In a nut shell the most profound concept I am walking away with after four years at Penn State is that Jesus is real.
Initially I never wanted to attend college, I thought it was a waste of money and time. I found it difficult to connect with school in general, I had a hard time enjoying learning and found most my teachers saw me as a goofball and put more time into disciplining me than teaching me. The thought of continuing my education seemed pointless. During my early high school years I knew I enjoyed helping people, I believed in Jesus Christ and saw a bright future when I envisioned joining the two through working for a non profit organization. My beliefs about college changed midway through my junior year of high school when my history teacher valued my work and personally addressed the potential she saw in me. I guess that was all it took, for one teacher to believe that I could not only create something great, but be someone great.
After graduating high school in 2008 I took a year off of school all together and officially started my college career in the summer of 2009.
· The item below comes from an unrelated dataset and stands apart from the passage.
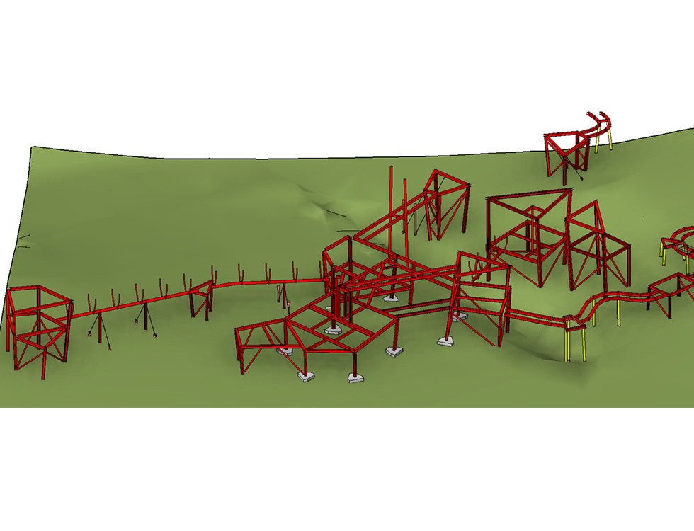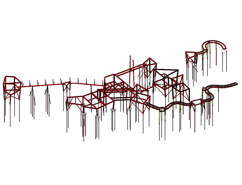 The steel frames comprise a series of universal and hollow rolled steel sections with local bracing and tension (Macalloy bar) restraints. The main frames generally extend to a first floor raised platform level, except for four towers which extend to a second-floor level. Catenary rope bridges are suspended between the towers.

As the thought of me, Ali Bruce, attending college was still relatively fresh I found myself frustrated and questioning if I had made the right choice. For the first two years at Penn State I had not declared a major and again felt as though my schooling experience may be pointless. I continued to take classes that interested me, as I researched possible majors. When the time came where I needed to declare a major, the only possible fit without having to take another year of college was sociology. I thought, well I won’t be getting a job with this degree but I have enjoyed my Soc classes thus far, so I went with it. The next year, my junior year, I had well established friendships that were life giving but there was still a great disconnect between my relationship and belief in Jesus and my education. Thoughts began to creep into my mind that my whole belief in Jesus was for nothing because I seemed to be rolling along in life without a purpose. I knew I had heart changing experiences with Jesus and embraced the love I received from prayer and reading the bible but where did the rest of my life fit
into this relationship with God?
As my junior year began I found myself enrolled in a course called BiSci 003. I had heard the course was interesting with a hippy-environment focus that was not like any other course at Penn State. So obviously I signed up for it. This course would provide answers to my questions about school, expel my doubts about Jesus and the uncertainty about my intelligence. So much would be revealed to me about myself.
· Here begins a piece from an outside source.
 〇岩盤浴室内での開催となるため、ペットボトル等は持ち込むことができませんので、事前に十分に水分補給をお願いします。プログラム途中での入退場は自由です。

I began as a student of Bisci 003 in the fall of 2011, the course was interesting and encouraged critical thinking and questioning. I began to speak the questions and doubts that had been creeping into my mind about my purpose. It was scary to put a voice to my fears, yet empowering to get them out of my mind. The course seemed to fly by and at the end of it I knew I was not done learning about myself. So I decided to become a TA for the course. I took a class in the spring of 2012 where I, along with 25 other future TA’s, went through a training class on how to TA next falls students. This is where things started to got real. My biggest question of how my relationship with Jesus fits into my life as a Penn State student came rushing to the surface. The spring semester was uncomfortable, I began questioning if Christianity was legit and found myself very afraid of the thought of other religions. What a shock this was to me and a humble blow to my ego. I had this image of myself, a loving Christ follower, open and accepting of all! NOT! I became so afraid of other religions, anger was all I could fall back on without having a total melt down. I left the spring semester thinking, again, that I had made the wrong decision in continuing my education.
I spent the summer reflecting on what had happened, and why I was so afraid and angry, I began to distance myself from this loving relationship with God I had known through Jesus. By the end of the summer, after a series of events, I had realized that Jesus is so legit, and a life without him in the middle of it is a life full of loneliness. I realized my fears came from the uncertainty of vulnerability, I wanted to have all the answers and be able to defend my faith intelligently with full proof that I am following the one true God. When the answer was I don’t have all the answers and I don’t have proof for anyone other than my faith and personal testimony, I was distraught.
I am so thankful for the struggle of questioning Jesus and myself, had I not gone through the doubts and sat with my fears and angers, I would not have the unshakable faith I now have in Jesus. I still want to have an incredible story that people are going to read and say “wow! Jesus is real!” the difference now is I know that if people see Jesus as I do or not, I will always see Jesus as a glorious loving God who continues to meet me when I am at my lowest and highest points and will love me despite my fear, anger and doubts.
Without my four years at Penn State, I would not have realized my doubts much less been able to put a voice to them. I would not have been able to have conversations with the most educated people I know about faith in Jesus, I would not have the desire to become a life long learner.
As I embrace my fears and speak of my doubts I become more filled with life and my eyes become more open to the incredible beauty and faithfulness of God. I wish I had more eloquent words or a more detailed story of just how much God loves me and how he used a Sociology Bachelor of Arts Degree to reveal more of himself to me, but for now this is the best I’ve got.